反響板の外に出ているパートは音が散ってしまうのではないだろうか?

当然、指揮台の横に立つ五嶋みどりの音もボリュームを絞ったラジオのように精気がない。

音が聴こえないゆえに、その尋常とは言えない身振りばかりが印象に残ってしまう。

感情移入と共に首がもげるのではないかというほどの角度に傾け、魔法使いの老婆のように腰を曲げたり身を縮めたり、激しい場面では全身を痙攣させながら両足を宙に浮かせたりする。

まるで、恐山のイタコをみるようで、気味が悪いのだ。

常識的には、集中するときに筋肉を縮めるのは効率が悪いし、視野も狭まるのでよくないと思うのだが・・・。

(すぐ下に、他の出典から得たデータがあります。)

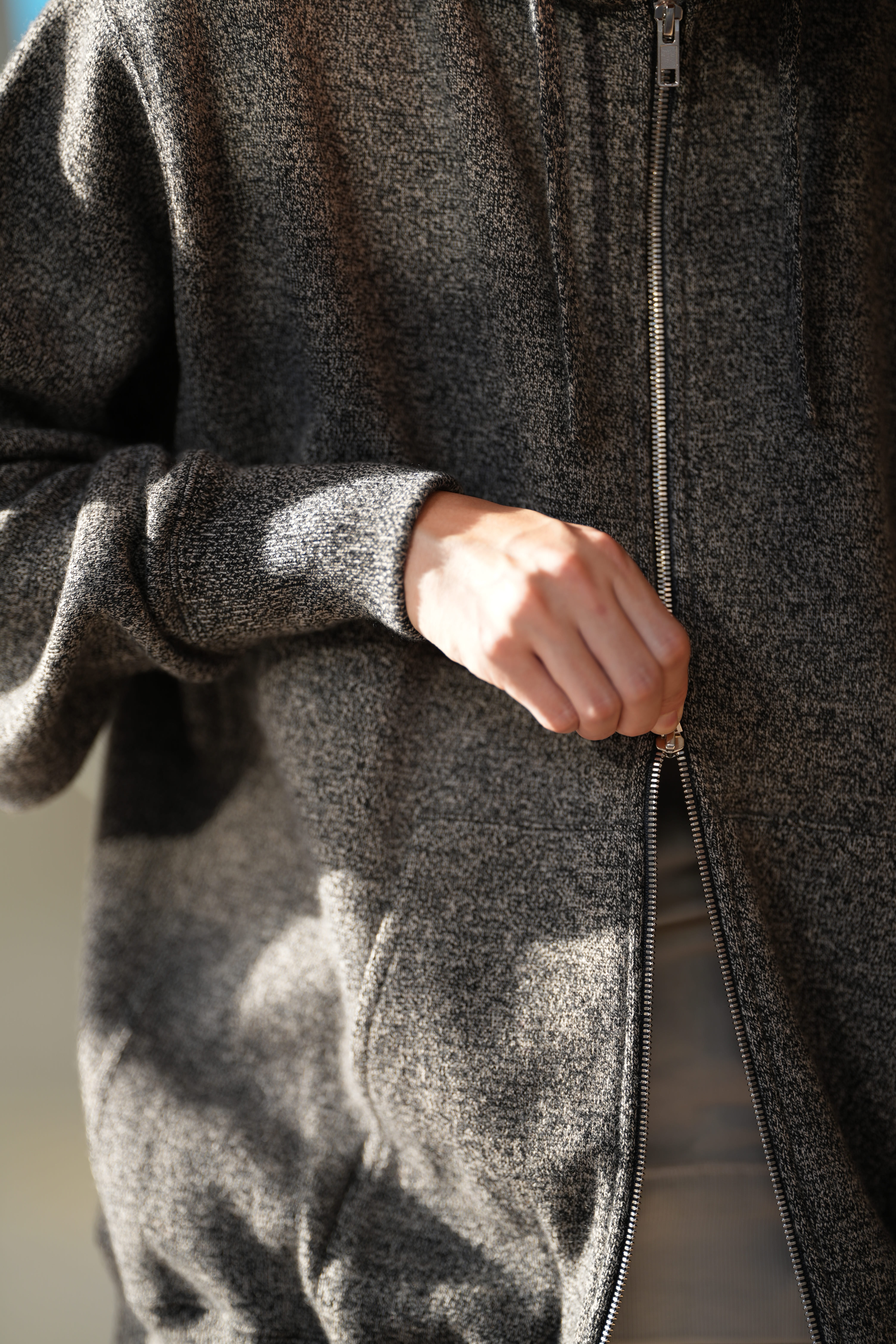 今回のGRAYは杢の色味がとても良いなと思っていて、ナチュラルとブラックの糸から構成されているから、ブラウン、オリーブ系にはめても良いし、ブラックでまとめてもしっくりくるんですよね。

しかし、終演後の拍手喝采は凄まじいものであったし、ステージ上のN響メンバーからの賞賛の拍手も儀礼的なものとは感じられない。

また、2階席センター前方で聴いていたFB友は、「ピアニシモが素晴らしかった。オケもヤルヴィも完全に負けていた」と感想を述べられている。

芸の世界ばかりは、逆立ちして弾こうが、寝て弾こうが、結果が全て。

というわけで、その演奏する姿には感心しなかったが、肝心の演奏の良し悪しが分からなかったため、評価は保留としたい。

NHKホールには本当に困ったものだ。

1972年の開業以来、音が悪い、悪い、悪いと言われつづけて、音響改善のための措置も行われる気配もない、というのは怠慢ではないだろうか?

今後は、聴きたい演奏会でもよほど座席に恵まれない限りは、見送ることにしよう。